At the time respondent's amended complaint was filed appellants were in possession of the Edgewater property. Respondent was entitled to either of the remedies set forth in subdivision (a) of section 3439.09 if in fact a fraudulent conveyance occurred. Clearly either of these remedies would affect the title of the Edgewater property. Accordingly, it is our view that the amendments ousted the municipal court of jurisdiction. [86 Cal. App. 3d 825]

[4] However, an additional remedy is recognized by the decisions--a personal judgment against the transferee may be had when he knowingly participates in the fraudulent conveyance with the intention of defrauding creditors. (See Malaquias v. Novo (1943) 59 Cal. App. 2d 225, 232 [138 P.2d 729]; Hy-Lo Unit & Metal Products Co. v. Ryon (1937) 21 Cal. App. 2d 38, 43 [68 P.2d 393]; Pedro v. Soares (1937) 18 Cal. App. 2d 600, 604 [64 P.2d 776].) Respondent alleged in its amended complaint that appellants, the transferees, knowingly participated in the fraudulent conveyance. However, a party may only obtain a money judgment against such a transferee when the property is no longer available. (Aggregates Associated, Inc. v. Packwood (1962) 58 Cal. 2d 580, 591 [25 Cal. Rptr. 545, 375 P.2d 425], disapproved on other grounds in Liodas v. Sahadi (1977) 19 Cal. 3d 278, 292-293 [137 Cal. Rptr. 635, 562 P.2d 316]; Stearns v. Los Angeles City School Dist. (1966) 244 Cal. App. 2d 696, 719 [53 Cal. Rptr. 482]; Hy-Lo Unit & Metal Products Co. v. Ryon, supra, 21 Cal.App.3d at p. 43; Pedro v. Soares, supra, 18 Cal.App.2d at p. 604; Clark, Tort Liability for Fraudulent Conveyances (1967) 19 Stan.L.Rev. 636, 638-639.)

[5] During oral argument of this case, we were informed by both parties that appellants no longer have a possessory interest in the Edgewater property. They have sold the property. Consequently, the remedies provided for in section 3439.09 are no longer available to respondent. However, he may obtain a money judgment against appellants as prayed. Therefore, any judgment which the municipal court could now render will not affect title to the Edgewater property.
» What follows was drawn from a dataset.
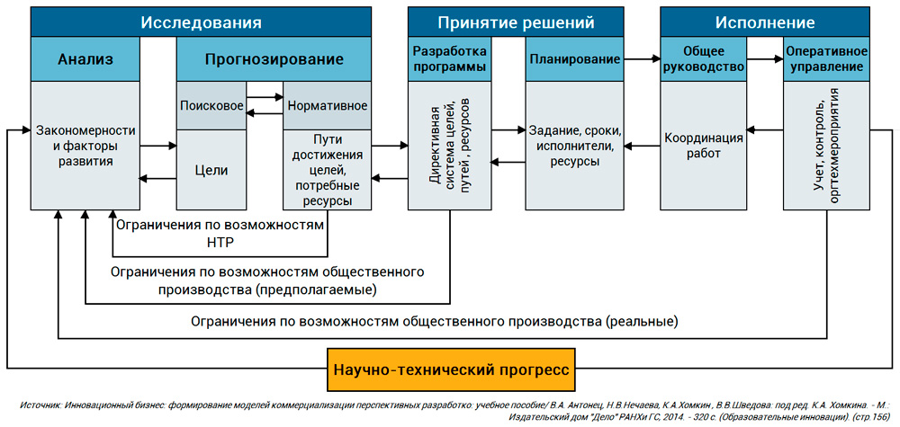 Научно-технический прогресс (НТП) складывается действиями всей совокупности субъектов, принимающих участие в его реализации, но движителями выступают хозяйствующие субъекты независимо от формы собственности. И отдельно взятая компания, являясь элементом системы НТП, выполняет разработку прогнозов, которые входят в исследовательскую стадию, предшествующую программной проработке инноваций и их планированию. Качество и обоснованность стратегий фирмы напрямую связаны с уровнем долгосрочного и среднесрочного прогнозирования. Ниже вашему вниманию предлагается схема управления НТП, разбитого на три этапа.

Manifestly, the causes and judgment would be within the jurisdiction of the municipal court.

The judgment is affirmed. fn. 3

Opinion by White, P. J., with Feinberg and Halvonik, JJ., concurring.

FN 1. Appellants actually appealed from the minute order sustaining the demurrer. An order sustaining a demurrer is not appealable. (Berri v. Superior Court (1955) 43 Cal. 2d 856, 860 [279 P.2d 8]; California Ammonia Co. v. Macco Corp. (1969) 270 Cal. App. 2d 429, 433 [75 Cal. Rptr. 753].) A party may not appeal until a judgment is entered dismissing the action. (Id.) Appellants did obtain a judgment on July 31, 1978. Under rule 2(c) of the California Rules of Court, this court may treat the notice of appeal as if it were filed immediately after entry of judgment. Rule 2(c) provides: "A notice of appeal filed prior to entry of the judgment, but after its rendition, shall be valid and shall be deemed to have been filed immediately after entry. A notice of appeal filed prior to rendition of the judgment, but after the judge has announced his intended ruling, may, in the discretion of the reviewing court for good cause, be treated as filed immediately after entry of the judgment."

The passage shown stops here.